The focus is on three levers: multi-functionality, cost efficiency, and feedstock flexibility.
The proteins developed through the platform are highly soluble and can foam, bind, and emulsify. They are derived from overlooked raw materials, keeping input costs low. And the process is feedstock agnostic, allowing adaptation to abundant side streams rather than dependence on a single crop.
That flexibility may prove decisive. Traditional protein supply chains are under increasing strain as demand for highly functional proteins accelerates across categories. Securing key raw materials has become more complex and more expensive.
By contrast, agricultural side streams are often underutilized. They are plentiful, low-cost, and embedded in existing production systems. The challenge has been upgrading their proteins to match the performance of animal ingredients.

If the company’s claims about surpassing egg-white performance hold up in scaled trials, that shifts the equation. Egg replacement in baked goods, condiments, and confectionery is only the starting point.
With the new funding, Bland plans to expand its scientific team and work closely with food companies to run trials, validate performance of its first solution, and identify beachhead applications. The stated goal is to accelerate commercialization of its initial ingredients while continuing to develop the broader platform.
The long-term vision extends beyond eggs. The company describes its ambition as building a technology platform that transforms overlooked plant side streams into a new class of functional proteins.
There is a pragmatic edge to that ambition. Rather than launching consumer brands or focusing on finished products, Bland is targeting the invisible layer of food manufacturing where texture, stability, and process compatibility determine success.
Eggs became ubiquitous not because consumers demanded them in every formulation, but because they worked.
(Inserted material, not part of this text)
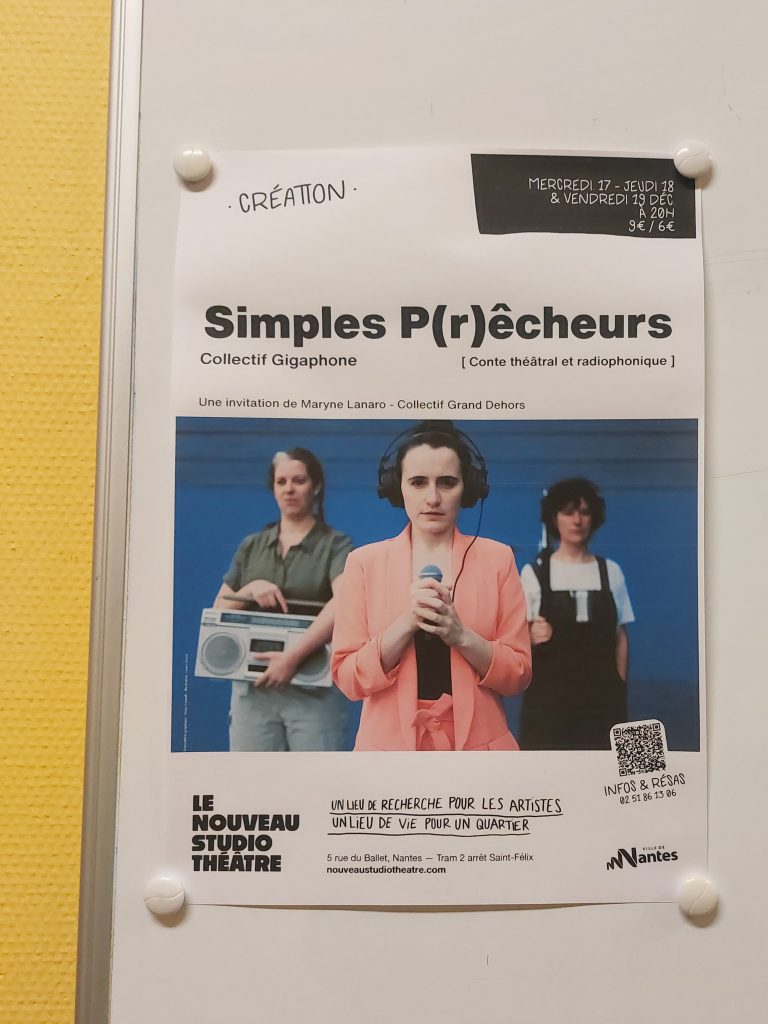 À travers une fable satirique inspirée de faits réels, le Collectif Gigaphone explore les luttes écologiques contemporaines. Présentée les 17, 18 et 19 décembre au Nouveau Studio Théâtre, la pièce de théâtre radiophonique Simples P(r)êcheurs mêle humour, fiction et engagement pour inviter le public à réfléchir tout en passant un bon moment.
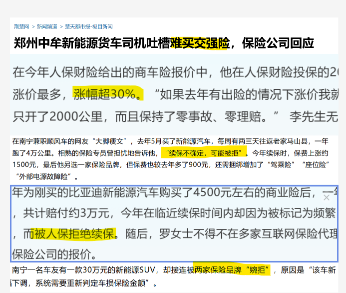 保费跳涨、续保被拒,新能源车主为何养不起“电动爹”?https://www.thepaper.cn/newsDetail_forward_26718391

They solved problems across multiple applications. If plant-derived proteins can do the same, at lower cost and with greater supply stability, procurement logic changes.
For now, Bland remains early. US$2.67 million is a pre-seed round, not a scale-up war chest. But the company is entering the market at a moment when volatility in traditional protein supply chains is no longer theoretical.
The bet is straightforward: if you can match or exceed egg functionality, deliver predictable economics, and integrate into existing infrastructure, you do not need to convince the world to change its habits. You simply replace a bottleneck.
And in modern food manufacturing, bottlenecks are where the real leverage sits.